36.49.19

Chris Hughes no pudo evitarlo: el nerviosismo se había adueñado nuevamente de él. Tenía la piel fría y el corazón acelerado, y pese al aire fresco de la mañana, estaba bañado en sudor. Escuchar la discusión entre Baretto y Gómez no contribuyó a devolverle la serenidad.

Regresó al camino y lo cruzó sorteando los charcos de denso barro. Marek y Kate volvían también. Los tres permanecieron a cierta distancia de los dos escoltas, que seguían enzarzados en su disputa.

—Está bien, está bien, maldita sea —decía Baretto. Se quitó el cinto con las armas y lo dejó cuidadosamente en el suelo de su máquina—. Está bien. ¿Contenta?

Gómez seguía hablando en voz baja, apenas un susurro. Kate no la oía.

—No hay problema —respondió Baretto, casi gruñendo.

Gómez volvió a hablar con un murmullo inaudible. Baretto apretaba los dientes. Resultaba muy violento presenciar la escena. Chris se apartó unos pasos y volvió la espalda a los escoltas, aguardando a que dieran por terminada la discusión.

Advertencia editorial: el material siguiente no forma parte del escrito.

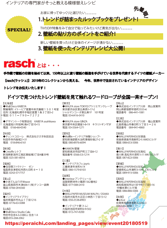 皆さんにもっとraschを知って頂こうと全国一斉新作発表会が各地で開催されます。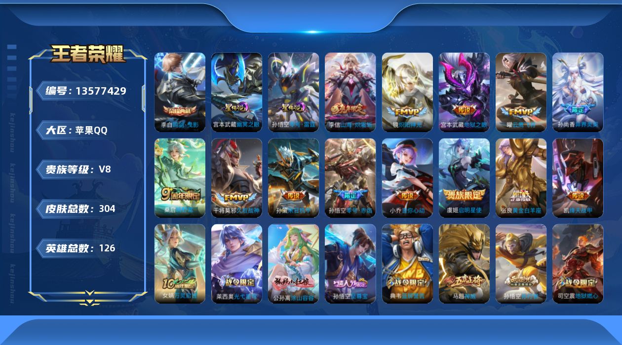 [13577429]苹果Q-V8-最强王者段位-126英雄-304皮肤-1典藏-2星传说-13传说-82史诗

Extrañado, advirtió que el camino descendía en abrupta pendiente, y un hueco entre los árboles dejaba a la vista el llano que se extendía a la orilla del río. Allí estaba el monasterio, un tendido geométrico de patios, corredores cubiertos y claustros —todo ello construido de piedra ocre— rodeado por un alto muro. Semejaba una pequeña ciudad, concentrada y compacta. Era sorprendente que estuviera tan cerca, quizá a unos quinientos metros. No más.

—A la mierda, yo me voy —dijo Kate, y empezó a bajar por el camino.

Marek y Chris cruzaron una mirada y siguieron a Kate.

—No os perdáis de vista, maldita sea —gritó Baretto al grupo.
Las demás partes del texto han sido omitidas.